Nam Tok Thilawsu waterfall.

Dirk Bleyer/Getty

Nam Tok Thilawsu

Top choice in Tak Province

Located in the Um Phang Wildlife Sanctuary, this waterfall is Thailand’s largest, measuring an estimated 200m high and up to 400m wide during the rainy season. Thais, particularly fanatical about such things, consider Nam Tok Thilawsu to be the most beautiful waterfall in the country. There’s a shallow cave behind the falls and several levels of pools suitable for swimming.

The easy 2km path between the sanctuary headquarters and falls has been transformed into a self-guided nature tour.
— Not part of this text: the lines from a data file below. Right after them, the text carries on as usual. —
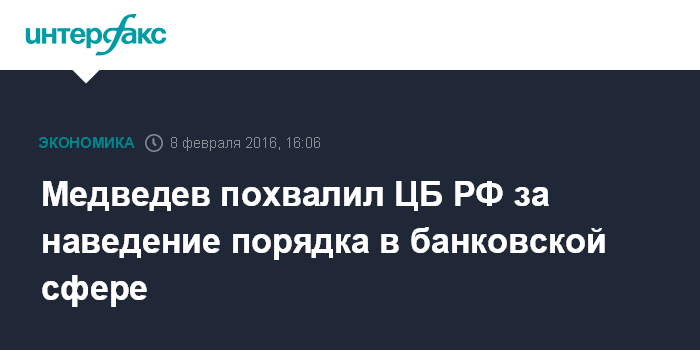 Медведев похвалил ЦБ РФ за наведение порядка в банковской сфере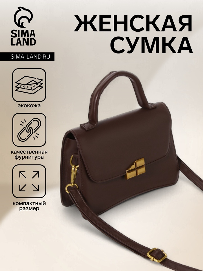 Сумка женская мессенджер на магните, 22×7×14 см, коричневая — Характеристики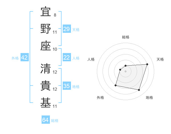 宜野座 清貴基さんを姓名の画数から五運を鑑定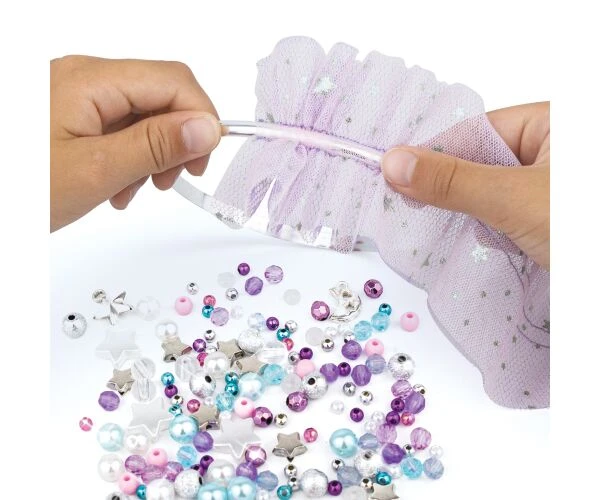 Nebulous Stars ozdoby do vlasov Estrelia. Vyrob si vlastné ozdoby do vlasov so strapcami. Obsah balenia - 3 tylové pásky, 1 čelenka, 1 spona, výber korálok a príveskov, gumičky, príbeh, návod.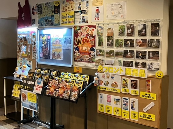 フロントにてカップ麺やスキンケア用品の販売を行っています。

Surrounding the falls on both sides of the river are some of Thailand’s thickest stands of natural forest, and the hiking in the vicinity of Nam Tok Thilawsu can be superb. The forest here is said to contain more than 1300 varieties of palm; giant bamboo and strangler figs are also commonplace.

The best time to visit is from November to February (after the rainy season) when the 200m to 400m limestone cliffs alongside Mae Nam Klong are streaming with water and Nam Tok Thilawsu is at its wettest. In recent years, the access road to the sanctuary headquarters has been closed for part of the rainy season (June to September) to ease environmental damage. It's still possible to visit the waterfall at this time, but only by a three-hour raft trip, followed by a 30 minute 4WD trip to the sanctuary headquarters.
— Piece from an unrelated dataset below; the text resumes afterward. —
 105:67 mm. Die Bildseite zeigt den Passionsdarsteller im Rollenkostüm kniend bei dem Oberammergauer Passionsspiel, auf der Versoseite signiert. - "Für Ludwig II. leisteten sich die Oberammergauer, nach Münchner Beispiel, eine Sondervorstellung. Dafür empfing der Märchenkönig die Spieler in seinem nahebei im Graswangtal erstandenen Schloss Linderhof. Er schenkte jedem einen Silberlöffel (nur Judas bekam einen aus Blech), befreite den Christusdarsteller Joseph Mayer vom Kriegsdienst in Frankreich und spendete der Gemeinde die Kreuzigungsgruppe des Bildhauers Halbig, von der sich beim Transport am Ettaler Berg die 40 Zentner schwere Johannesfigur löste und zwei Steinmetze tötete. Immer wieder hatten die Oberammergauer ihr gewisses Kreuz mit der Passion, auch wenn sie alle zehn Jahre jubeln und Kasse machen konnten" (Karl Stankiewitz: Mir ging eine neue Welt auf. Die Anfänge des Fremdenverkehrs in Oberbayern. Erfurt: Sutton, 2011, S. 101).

You can camp (30B) at the sanctuary headquarters, although you’ll have to bring your own tent, and it’s best to book ahead from November to January. This is also the only time of year the sanctuary’s basic restaurant is guaranteed to be open.
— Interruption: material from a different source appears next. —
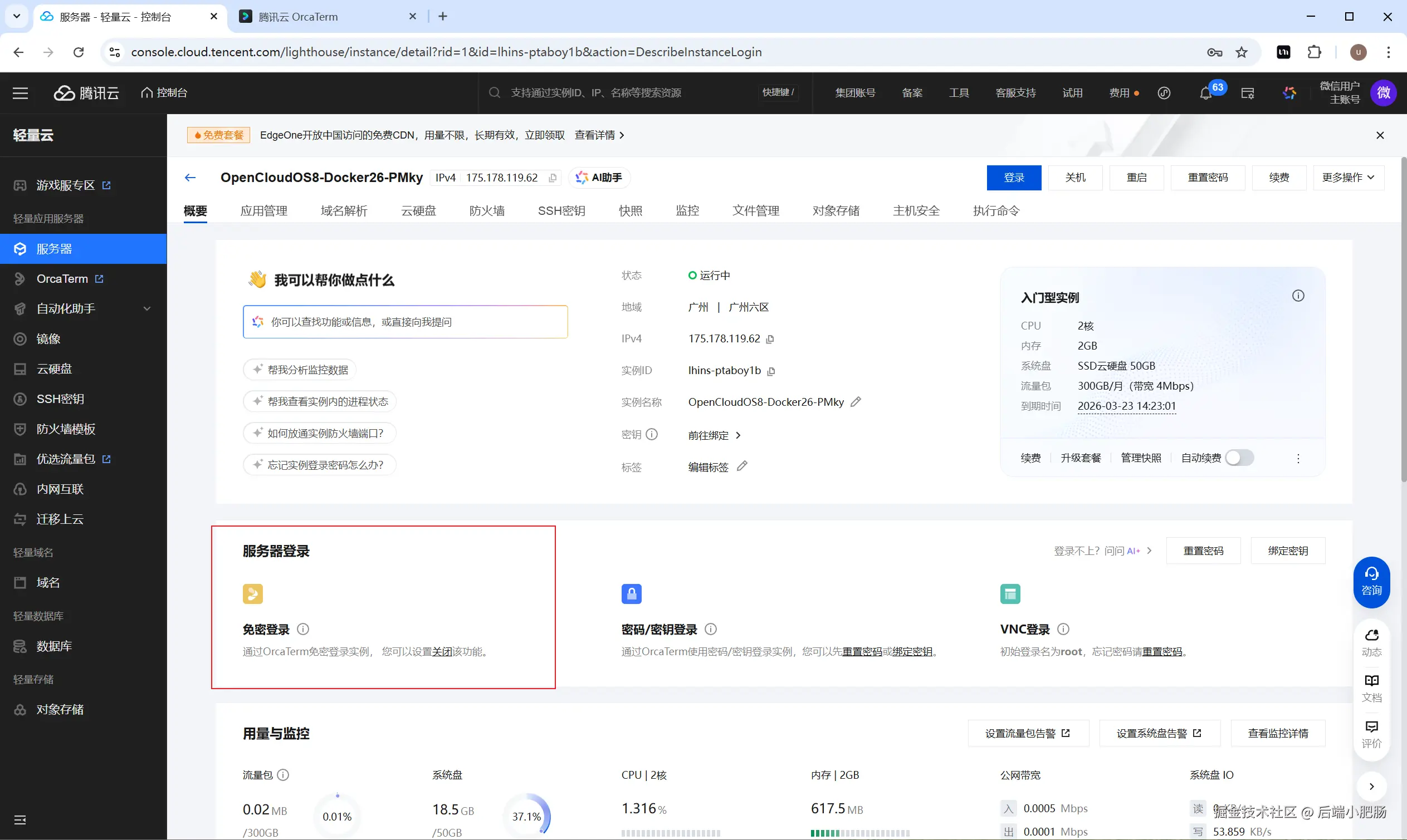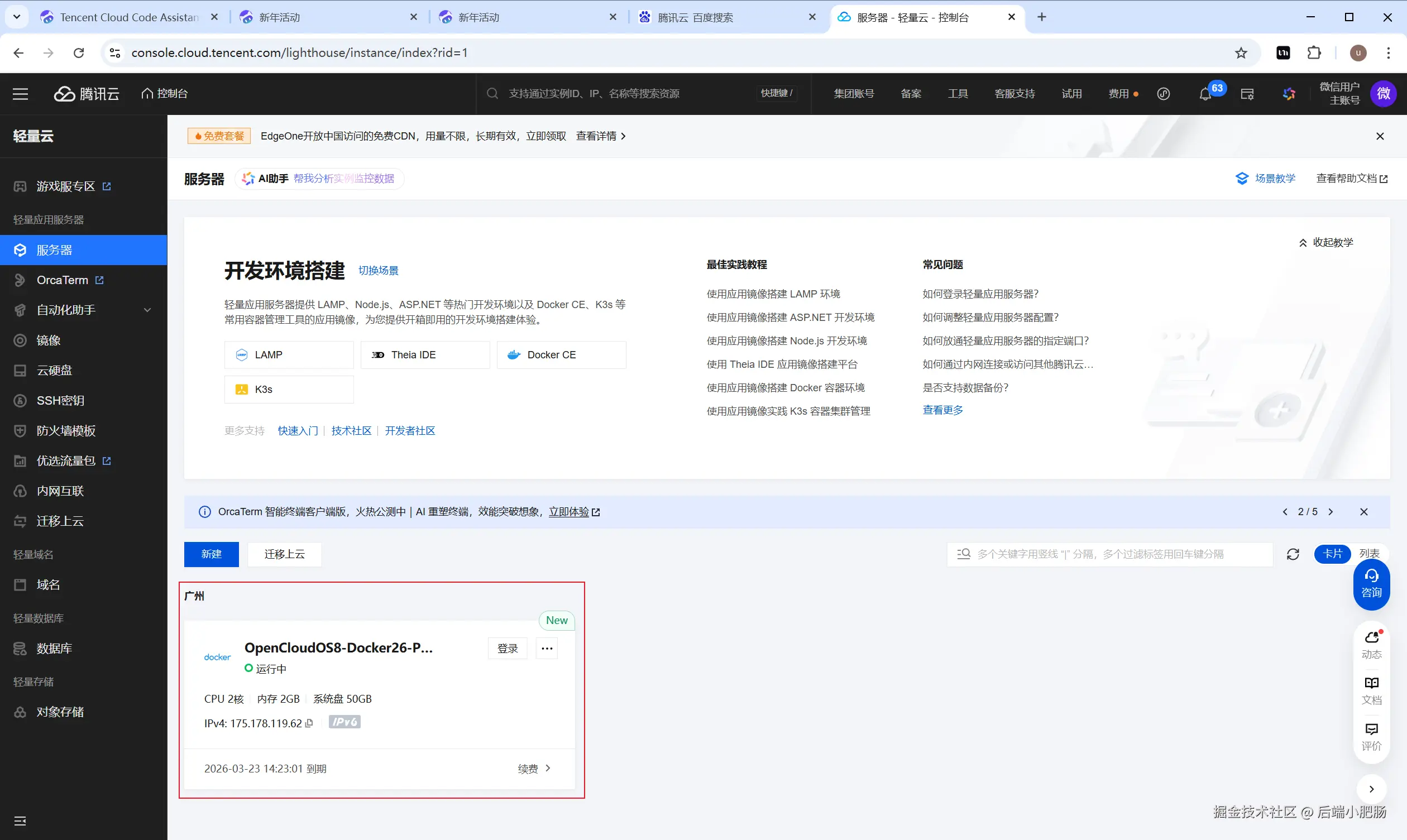 现在我们来到了云服务管理页面,可以看到这台服务器就是我们刚刚免费领取到的。

The vast majority of people visit the falls as part of an organised tour. A one-day tour from Um Phang starts at 2500B per person (minimum two people). It is possible to go independently, but no private transport is allowed into the sanctuary. If you’ve got your own wheels, take the turn-off to Rte 1167 just north of Um Phang. After 12km, turn left at the police checkpoint onto Rte 1288. Continue 6km until you reach the sanctuary checkpoint, where you pay the entry fee (200B). At this point you must park your vehicle and hire a sŏrng·tăa·ou (2000B) to take you the 25km to the sanctuary headquarters. Alternatively, you can take a Poeng Kloeng–bound sŏrng·tăa·ou to the sanctuary checkpoint (30B, hourly from 6.30am to 3.30pm).